Schedule AL in ITR 1, ITR 2A, ITR 2 and ITR 4S: Till financial year 2014-15, declaring assets and its related liabilities was required only for individual taxpayers either being partner in firms (filing ITR 3) or having income from proprietary business or profession (filing ITR 4) and having income above R25 lakh. Further, Finance Act 2015 abolished wealth tax provisions; hence, in order to keep a track of the assets of individual taxpayers, the government has introduced requirement of reporting assets for all individual taxpayers in ‘Schedule AL’.
Now every individual taxpayer needs to declare assets if their total income is above R50 lakh. Schedule AL has been introduced in ITR 1 (for individual with income from salary or one house property or income from other sources), ITR 2A (for individual and HUF who do not income from business or profession, capital gain and do not hold any foreign assets), ITR 2 (For salaried individuals and HUFs), and ITR 4S (For reporting presumptive business income). The assets to be reported include land, building, jewellery, bullion, vehicles, yachts, boats, aircraft, and cash in hand, etc. It has been clarified that the amount to be reported would be cost of such asset and if such assets is received as gift or under a will etc., cost of the previous owner aggregated with cost of improvement would have to be reported. Additionally, the taxpayers also have to report any liabilities.

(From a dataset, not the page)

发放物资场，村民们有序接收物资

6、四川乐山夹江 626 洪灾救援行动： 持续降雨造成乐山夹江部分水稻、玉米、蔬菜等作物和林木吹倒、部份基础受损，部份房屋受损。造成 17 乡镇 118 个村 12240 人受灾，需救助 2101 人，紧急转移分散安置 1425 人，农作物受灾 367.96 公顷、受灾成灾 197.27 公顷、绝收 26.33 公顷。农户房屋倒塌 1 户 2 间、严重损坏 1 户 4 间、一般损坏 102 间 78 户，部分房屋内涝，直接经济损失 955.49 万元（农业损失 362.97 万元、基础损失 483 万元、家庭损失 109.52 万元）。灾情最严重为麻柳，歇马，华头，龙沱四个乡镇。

Deduction for NPS contribution: New provision was introduced in Finance Act 2015 to provide additional deduction of R50,000 on contribution to NPS by the taxpayer. The new ITR forms have introduced a new row for claiming additional deduction of up to R50,000 for investment in NPS by taxpayer, which is over and above the traditional deduction limit of R150,000 under section 80C, 80CCC and 80CCD(1).
New schedule Tax Collected at Source (TCS) in ITR 1, 2 and 2A: Seller of bullion and jewellery collects TCS at 1% of sale consideration from buyer if such sale consideration is received in cash and it exceeds R2 lakh in case of bullion and R5 lakh in case of jewellery. Previously, individual taxpayer could claim credit by filing ITR3, 4 or 4S. For the tax year 2015-16, taxpayers would now be able to claim credit of TCS even by filing ITR 1, ITR 2 and 2A.

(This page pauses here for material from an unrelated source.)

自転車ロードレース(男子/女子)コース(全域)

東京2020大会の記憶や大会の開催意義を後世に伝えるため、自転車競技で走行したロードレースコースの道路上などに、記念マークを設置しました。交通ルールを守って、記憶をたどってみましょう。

New Schedule PTI (Pass Through Income): This schedule seeks details of pass through income received by investor from business trust or investment funds. Apart from the details of trust/ fund, the taxpayer would need to provide breakup of income under specified head viz., income from house property, capital gains and other sources. The above income would also need to be declared in respective schedules.
Disclosure of income as per ICD standards in ITR 4: Individuals and HUFs having income from a proprietary business or profession are required to file their return in ITR 4, which now requires reporting effect of Income Tax Computation & Disclosure Standards (ICDS) wherever applicable as per the Centre’s notification.
Collation of cost of assets could be a cumbersome exercise especially for taxpayers who have not acquired the asset but received by gift or inheritance. However, by releasing the tax return forms on 30 March 2016 as compared to a tradition of releasing forms toward end of May, the government has given enough breathing space to the taxpayers before tax filing due date. Also, barring assets disclosure, there has not been any substantial change in the tax forms from the last year which should be welcomed by taxpayers.